After taking line honours in 2011 as Investec Loyal, with owner-skipper Anthony Bell at the helm, Ragamuffin 100 finished third across the line in 2014 and second in 2015 when owned by Fischer.
The yacht has has since been bought by Malaysian-born, Hong Kong-based businessman Seng Huang Lee, who grew up in Sydney's eastern suburbs idolising the big boats.
Skipper David Witt has been buoyed by weather forecasts and was predicting Scallywag to stay with Wild Oats every step of the way.
Witt's certainly hoping for a better run than in the Big Boat Challenge, when Scallywag narrowly avoided a catastrophic collision with a patrol boat assisting with traffic control.
"We all know things can change with weather but right now it's looking good for us and Wild Oats,” he said.
"What we are seeing right now could make it one of the closest we have ever seen.”
Another big challenger will be another rebranded - and rebuilt - former champion in CQS, owned by Ludde Ingvall, a former round-the-world yachtsman from Finland.
Ingvall took the yacht then known as Nicorette III to line honours in 2004 (when 90 foot).

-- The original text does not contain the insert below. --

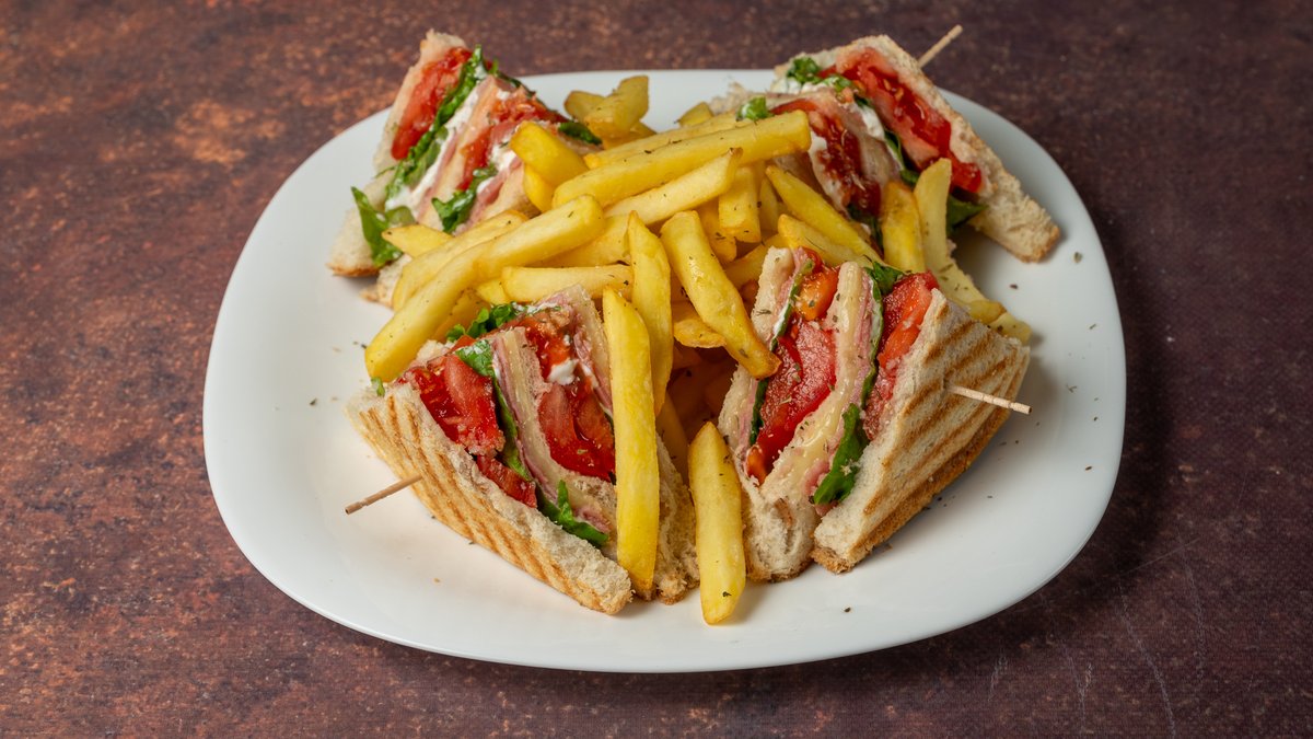 Ζαμπόν, τυρί ένταμ, ντομάτα, lollo verde και dressing μαγιονέζας

Now the maximum 100-foot beast, it was only launched a month ago.
"All we have to do is learn how to sail the boat to its full potential, and the Sydney to Hobart race will be part of that learning curve,” says Ingvall, who also powered home 79-foooter Nicorette II to line honours in 2000.
But CQS hasn't been without its own setbacks with the mast having to be replaced after cracks appeared in the original.
With a predominantly New Zealand crew, CQS showed its capabilities last month when winning the Round White Island Race off Auckland in record time.
Rounding out the big four supermaxis contesting the race is Perpetual Loyal.
Its crew also know the sweet taste of success - owner-skipper Bell for one after his win in 2011 when helming Investec Loyal, while another nine have been enticed to jump ship after being aboard Comanche.
"After our damage last year (to the hull), we need to get Loyal back in racing mode and these guys have been fantastic,” Bell says.
Bell has also brought back one of Australia's top sailors, 2012 Olympic champion and America's Cup winner Tom Slingsby, for a third time.
"All of these boats have their strong points (but) at the end of the day it comes down to conditions,” Richards says.
He knows only too well.
While the battle for line honours looks a race in four between the supermaxis, top contenders for the overall (handicap) honours include the 80-footer Beau Geste, from New Zealand, and defending champion Balance.